第27章 初恋の味
更に月日は過ぎ妊娠8ヶ月に突入。
私のお腹もだいぶ大きくなってきて…
前ほどアクティブに動けなくなり必要最低限の家事以外は
1人で縫い物をして過ごす事が増えました。
佐藤
「…できたぁ!」
おかげで赤ちゃん用の肌着とか浴衣とか…
徐々に増えてます。
白夜
「佐藤、散歩に行こう。」
佐藤
「…うん。

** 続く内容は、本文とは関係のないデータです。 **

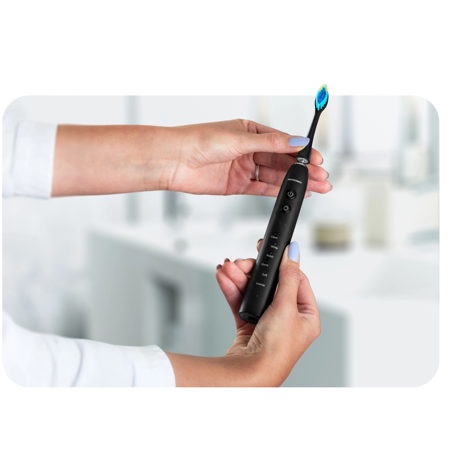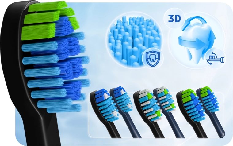 • Delicato sullo smalto, efficace contro la placca – rimozione delle impurità fino a più volte migliore rispetto agli spazzolini manuali.
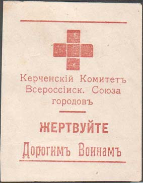 1915 г. Разм. 38 х 54 мм. Одноцветная печать на белой бумаге. Сверху красный крест. В центре текст в три строки: «Керченский Комитет Всероссийск[ого]. Союза городов». Ниже текст: «Жертвуйте Дорогим Воинам».

」
そしてもう1つ変わった事と言えば…
あの菖蒲の葉事件以来…私達の会話は極端に少なくなった…
いや、少なくなったのは私だけ…かも…
やっぱりまだまだ大人になりきれない私。
"テクテクテクッ…"
赤月が照らす農道を、
2人でゆっくり歩く…
佐藤
「………」
(あっ…蛍……)
会話もなく小さな池の横を通り過ぎようとした時、
人間界と変わらない美しさを誇る蛍達が、
疎らに美しく飛び回っている…
その美しさに私は思わず足を止めた。
佐藤
「(*´ω`人*)」
白夜
「…佐藤は蛍が好きか?」
佐藤
「……うん」
白夜
「それではまた明日も見に来よう。
同じ時刻に赴けば必ずまた出逢える。」
佐藤
「…うん」
そして必ず私が喜ぶ事を白夜さんは言ってくれる。